Edward Wilson: Yes. I think I'll start off by just talking about the operation, Michael. I mean from what we learned this summer is about being prepared for next summer as well. And we've had the backdrop of ATC this summer which really gets into sort of crew out and we're ahead of everyone else. But we've got to ensure that we have -- where we're fully prepared, particularly with third-party providers in advance in next summer so that we can we can deliver what we promised. So I would always like to be able to say that we've got the people, the airports and the aircraft and the only one that -- and some is the aircraft but that we believe will be temporary in nature. We look at where we've got our fares, particularly the strong Q2 first. And you look at the capacity that's coming hedged -- I mean you looked at places like Germany this summer where the market shrunk by about 25% in July and August. And where those gaps will be filled by Nexon. I think that's going to reflect itself hoping in higher fares. So let's get the operation right, make sure we got all our partners at the airport when you go for next summer. We're not going to sell ATC by next year. And then -- but I think it's a good environment in terms of capacity reductions in the market for fares in December '23.

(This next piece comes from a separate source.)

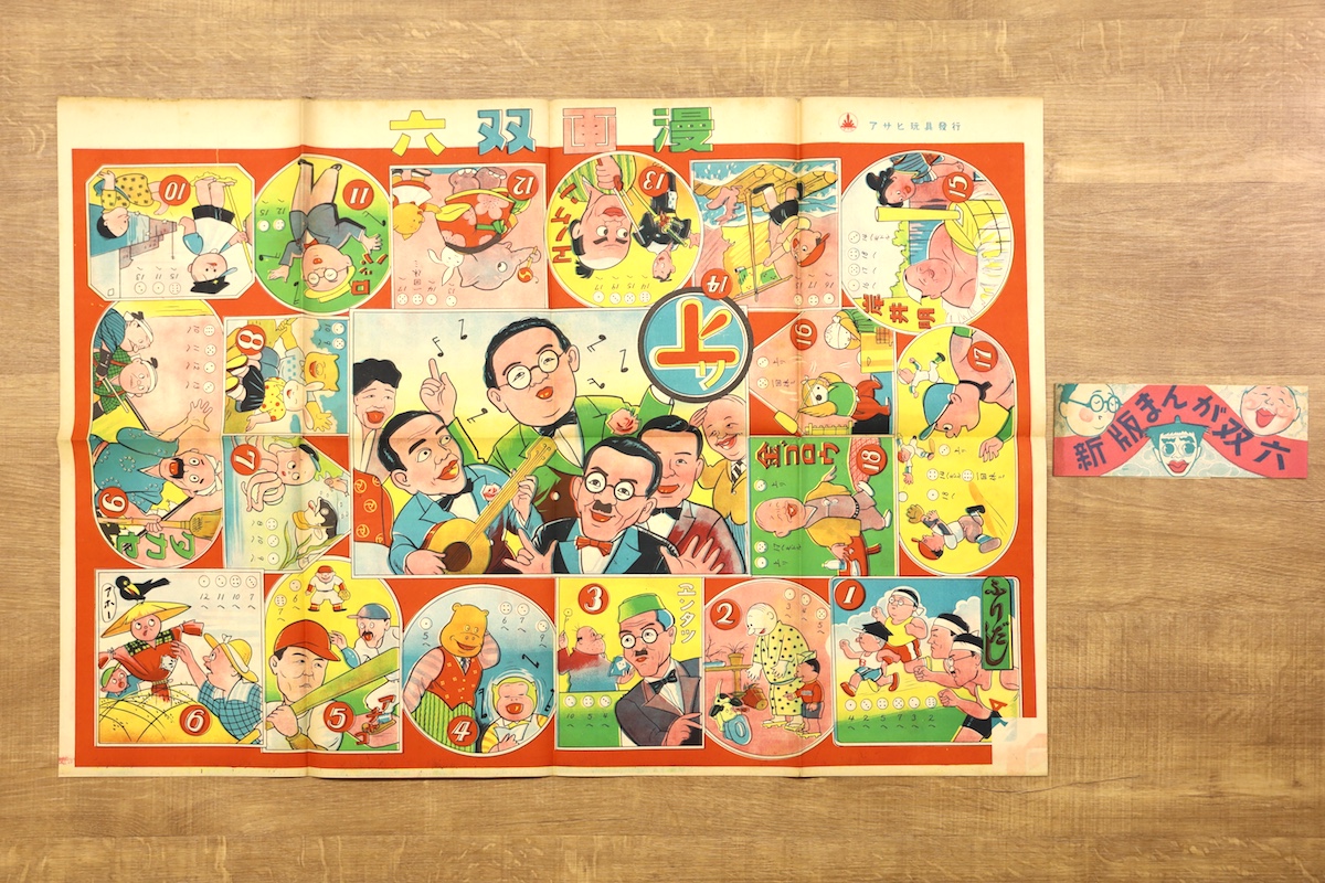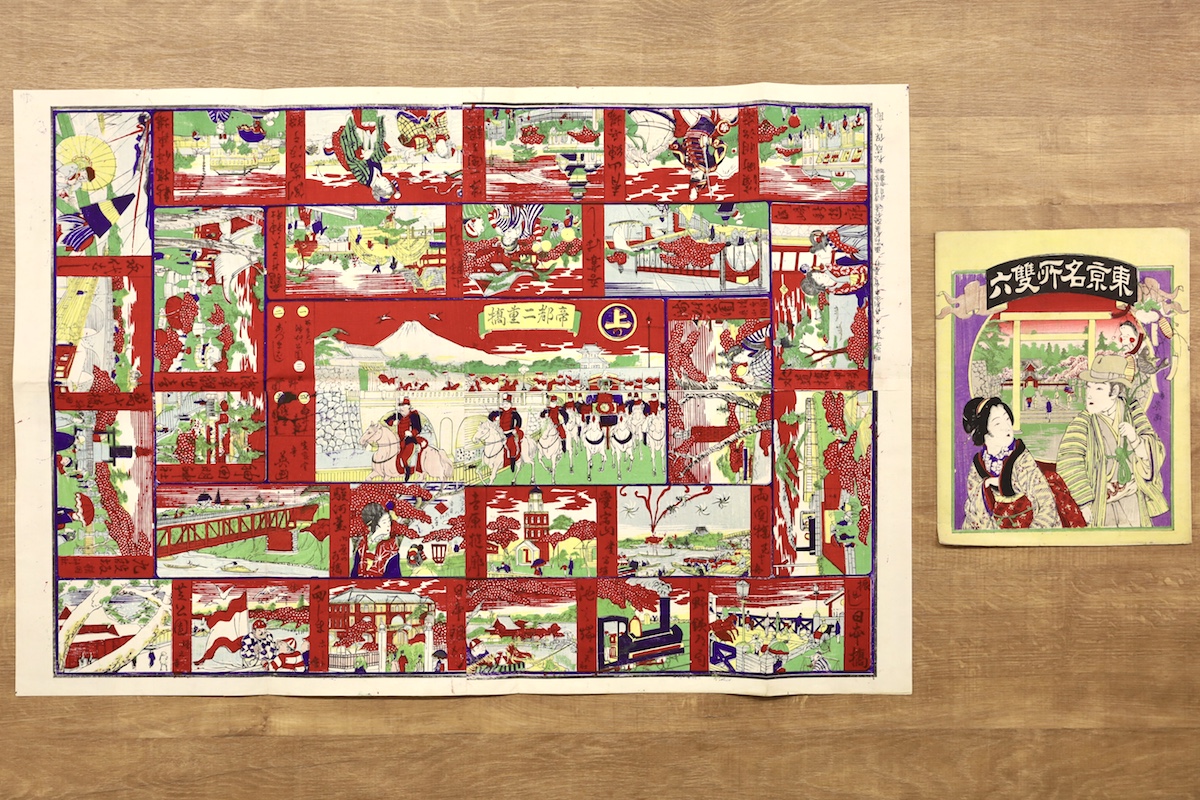 東京の名所をめぐるもの、幕末から維新、明治時代までの出来事を題材にしたもの、ラジオ放送と映画のコメディアンの似顔絵を配した双六など、テーマは時代と共に変遷していっているが、盤面のマス目の位置といった絵双六の基本的な構造は、江戸時代から大きく変わっていないことが興味深い。

Michael O’Leary: Thanks, Eddie. Okay. I'll just leave you one final thought to be the part in cooper . We have recovered very strong. We've had a very good first half of the year. We are still though forecasting a loss for the second half of the year. We're looking at something up to about €200 million loss between Q3 and Q4. The absence of Easter will hit Q4. That could be worse if there is -- I mean, again, I want to keep reemphasizing the risks we face as we experienced last year with an adverse COVID development in November and with the Ukraine in invasion in February. This recovery is strong but it is fragile and it could still fall over. But if it doesn't fall over, I would be reasonably optimistic that we're heading into a strong summer of 2023. Our first priority will be to restore the pay -- or is to restore the pay of our people, recruit another couple of thousand pilots and cabin crew to service the summer 2023 growth. The next priority will be use the cash to pay down $1.6 billion worth of – €1.6 billion worth of debt next summer. And then we have -- we need another €2 billion just to continue to fund the CapEx. So these are challenging times but I think, the management team at Ryanair and our unions and the people -- and our people have demonstrated a resilience through COVID, a flexibility through COVID that leaves us very well positioned coming out of COVID to grow strongly. If there is a recession, it will be good for our business. We will continue to grow much stronger into a recession than any other airline in Europe because of the widening cost and fair gap we have over every other European airline. And with that, can I say thank you to everybody who joined in this morning. We have extensive roadshows on the road all week here in the U.K., in Europe, in the U.S. If anybody wants a meeting or a one-on-one, please contact Davy's or Citi and we'd be happy to fit one in. And in the meantime, I hope we'll see you all individually at some stage during the week. And if not, feel free to come to Dublin in November, December and boost the load factor all on your own. Thank you very much, everybody. Good to talk to you. God bless. Bye-bye.

Operator: This now concludes the conference. Thank you all very much for attending. You can now disconnect your lines.